From: Jonathan Lewis <jonathan_at_jlcomp.demon.co.uk>
Date: Wed, 31 Mar 2004 17:21:13 +0000 (UTC)
Message-ID: <c4eum8$4l5$1@sparta.btinternet.com>

Note in-line.

-- 
Regards

Jonathan Lewis
http://www.jlcomp.demon.co.uk

The Co-operative Oracle Users' FAQ
http://www.jlcomp.demon.co.uk/faq/ind_faq.html

April 2004 Iceland  http://www.index.is/oracleday.php
June  2004      UK - Optimising Oracle Seminar


"Ed Stevens" <ed.stevens_at_comcast.net> wrote in message
news:1512dfb8.0403310828.7c4cec55_at_posting.google.com...
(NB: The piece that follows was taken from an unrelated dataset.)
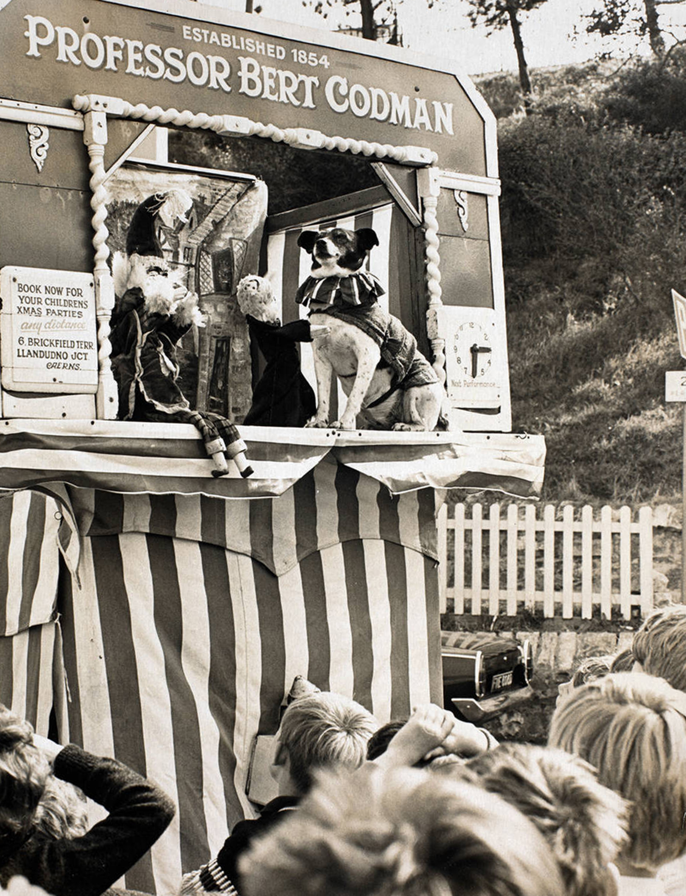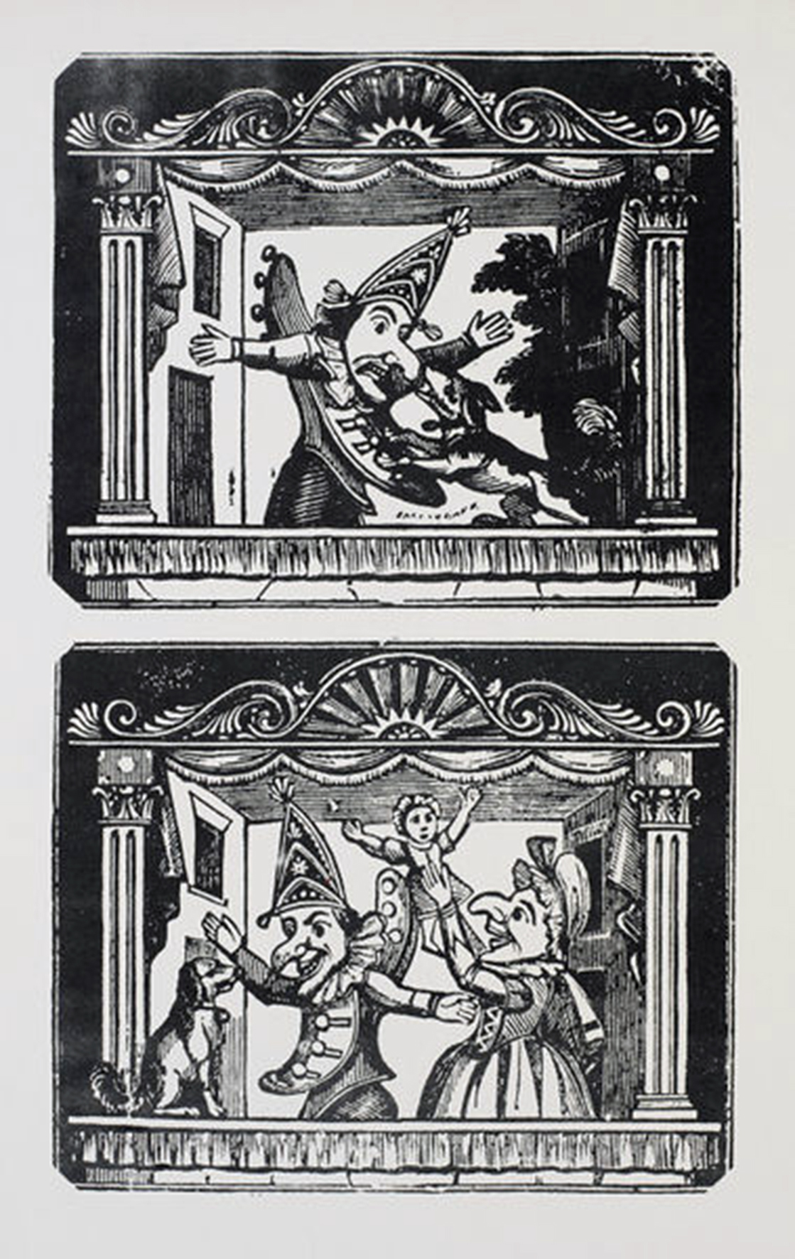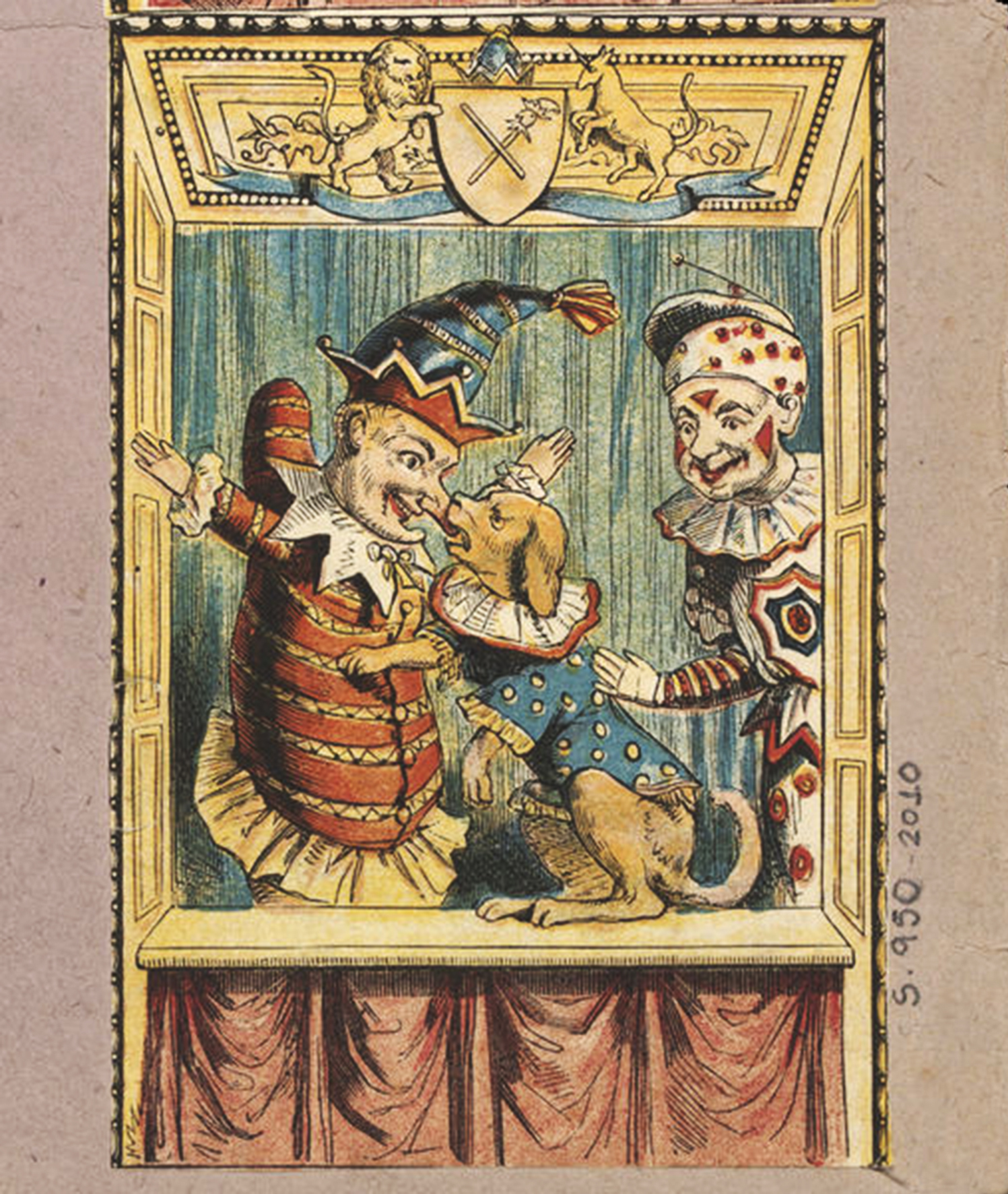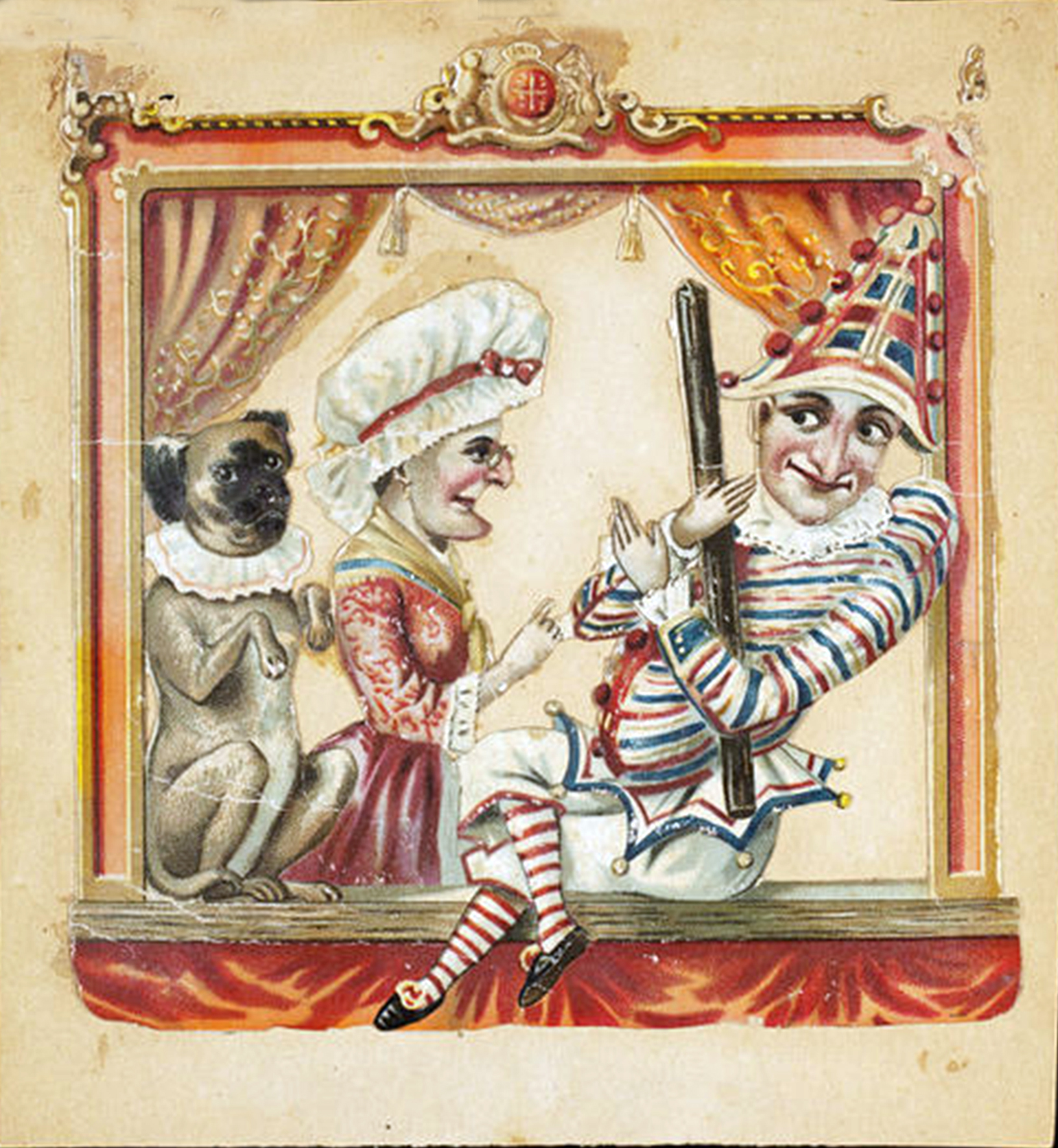 «En principio fue un espectáculo de marionetas, hacia 1662, que llenaba el Covent Garden (Londres), a cargo del italiano Pietro Gimonde de Bolonia, también conocido como Signor Bologna… Punch se convirtió en toda una celebridad durante el siglo XVIII, tanto en teatros como en ferias… El argumento variaba, aunque la constante fue que luchaba contra el Diablo, que a veces ganaba y otras, no. En 1738 la actriz y titiritera Charlotte Charke recibió una licencia para abrir el Punch’s Theatre en James Street (Londres), y de ahí pasó a ser un guiñol, se simplificó o bien resultó ser la forma más práctica para un teatrillo callejero… En 1825 la esposa del bufón Punch se llamó Judy, pero siempre estuvieron acompañados de un perro llamado Toby, que solía ser real…» (Punch & Judy, History) Por lógica, y durante cientos de años, Toby debió de ser necesariamente un perro pequeño para poder interactuar en ese constreñido escenario y poder equipararse al guiñol.

> "(Of course, you may have created data where the first row, when
> ordered by pk, was not the first row in the table - but I'm assuming
> you didn't)."
>
> Why would you assume that?
>
Because to start with I assumed you were smart enough to have worked the answer out for yourself if that had been the problem. Then the moment I hit SEND I realised that it was irrelevant anyway, but didn't bother to send a correction. I took 'lowest' to mean 'appearing first in the output' for just long enough to add the final unnecessary comment.
> Actually, that gets to what I was trying to prove out when I noticed
> the "unaccounted for" blocks. (Another 'animated discussion' with my
> partner.) The table was loaded with a series of INSERTs inside a loop,
> using the random function to populate the PK. At that point, a SELECT
> . . ORDER BY block, row showed that the PK was scattered randomly
> across the blocks. I then did an exp/imp and then SELECT . . . ORDER
> BY prim_key. My partner said he knew "for a fact" that the import
> would physically sequence the rows by PK. (as if that meant
> anything). Unless I missed something, the rows were just as randomly
> distributed after the import as before.
>
In general they ought to be. For most of the last N years, exp has just done a 'select * from table' to export the data, and that isn't likely to use the PK to re-arrange the data. It's probably possible to make it happen in more recent versions of Oracle if the table has become sparse, and you use the option for adding a WHERE clause to the export that makes Oracle walk the PK index to reach the data because the CBO says that's the cheapest option.